Work item: Print nothing except the lines of the listing below from the line with "The Blackborne Collection" to the line with "コンパクトながら、しっかりア", each exactly as written, both ends included.

The records:
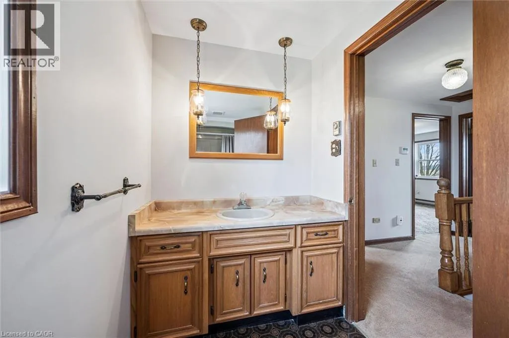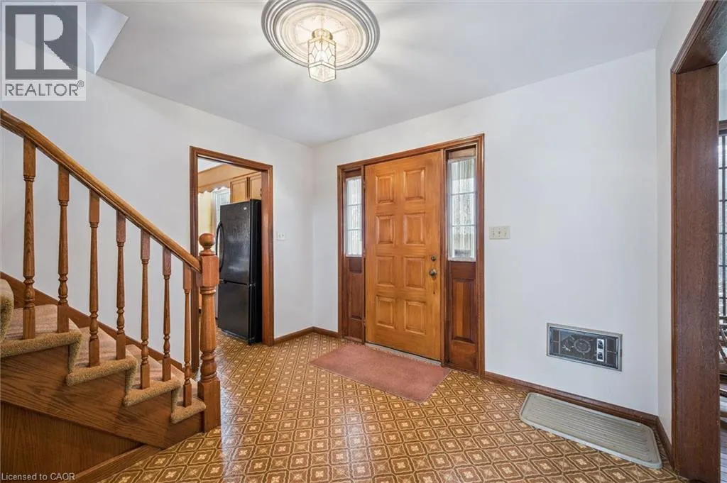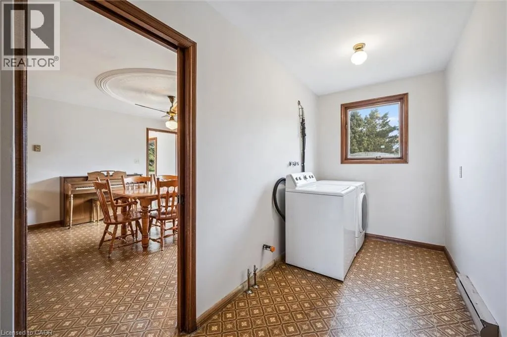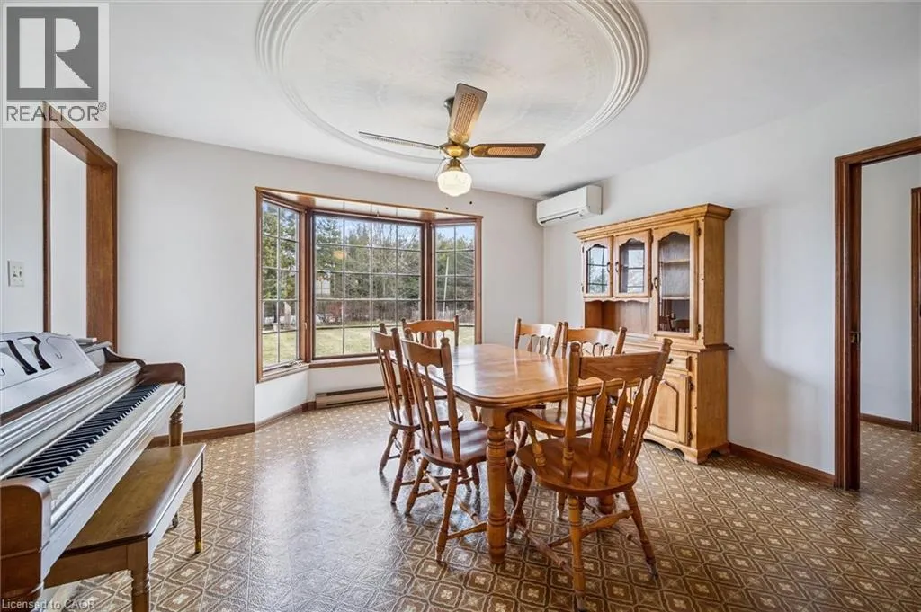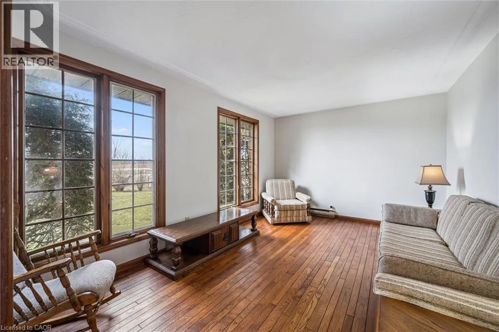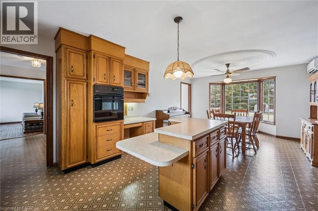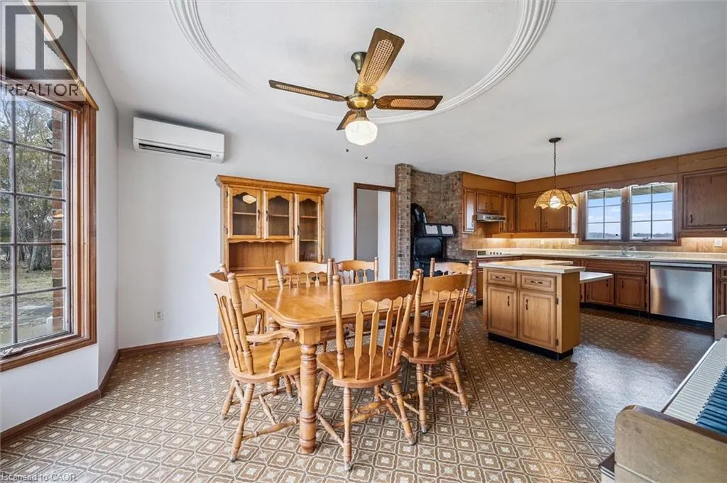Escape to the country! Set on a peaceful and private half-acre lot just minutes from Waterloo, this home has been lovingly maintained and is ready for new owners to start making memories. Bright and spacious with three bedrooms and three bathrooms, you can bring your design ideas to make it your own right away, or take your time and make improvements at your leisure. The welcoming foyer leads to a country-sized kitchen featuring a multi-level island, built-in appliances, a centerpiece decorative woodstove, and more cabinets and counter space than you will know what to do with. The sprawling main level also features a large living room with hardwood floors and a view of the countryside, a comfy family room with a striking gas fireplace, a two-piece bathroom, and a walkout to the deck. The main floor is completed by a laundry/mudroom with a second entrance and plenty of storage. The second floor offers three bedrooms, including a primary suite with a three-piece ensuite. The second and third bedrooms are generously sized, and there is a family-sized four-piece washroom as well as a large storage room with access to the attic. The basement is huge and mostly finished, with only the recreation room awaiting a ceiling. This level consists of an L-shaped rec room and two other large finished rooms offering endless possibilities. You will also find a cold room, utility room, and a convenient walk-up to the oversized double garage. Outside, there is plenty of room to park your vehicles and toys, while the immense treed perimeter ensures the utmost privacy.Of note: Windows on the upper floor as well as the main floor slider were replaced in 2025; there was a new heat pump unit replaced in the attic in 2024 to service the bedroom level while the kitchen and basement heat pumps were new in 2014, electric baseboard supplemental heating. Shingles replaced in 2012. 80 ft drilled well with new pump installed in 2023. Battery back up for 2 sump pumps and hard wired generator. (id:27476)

==

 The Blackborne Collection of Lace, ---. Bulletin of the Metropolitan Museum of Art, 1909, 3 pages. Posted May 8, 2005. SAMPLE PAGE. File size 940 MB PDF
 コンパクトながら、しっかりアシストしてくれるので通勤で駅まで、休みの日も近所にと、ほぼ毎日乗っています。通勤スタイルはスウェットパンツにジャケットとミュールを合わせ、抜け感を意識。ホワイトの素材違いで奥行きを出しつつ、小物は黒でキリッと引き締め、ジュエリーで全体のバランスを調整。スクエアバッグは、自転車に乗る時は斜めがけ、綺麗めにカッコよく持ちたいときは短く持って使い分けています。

Written response:
 The Blackborne Collection of Lace, ---. Bulletin of the Metropolitan Museum of Art, 1909, 3 pages. Posted May 8, 2005. SAMPLE PAGE. File size 940 MB PDF
 コンパクトながら、しっかりアシストしてくれるので通勤で駅まで、休みの日も近所にと、ほぼ毎日乗っています。通勤スタイルはスウェットパンツにジャケットとミュールを合わせ、抜け感を意識。ホワイトの素材違いで奥行きを出しつつ、小物は黒でキリッと引き締め、ジュエリーで全体のバランスを調整。スクエアバッグは、自転車に乗る時は斜めがけ、綺麗めにカッコよく持ちたいときは短く持って使い分けています。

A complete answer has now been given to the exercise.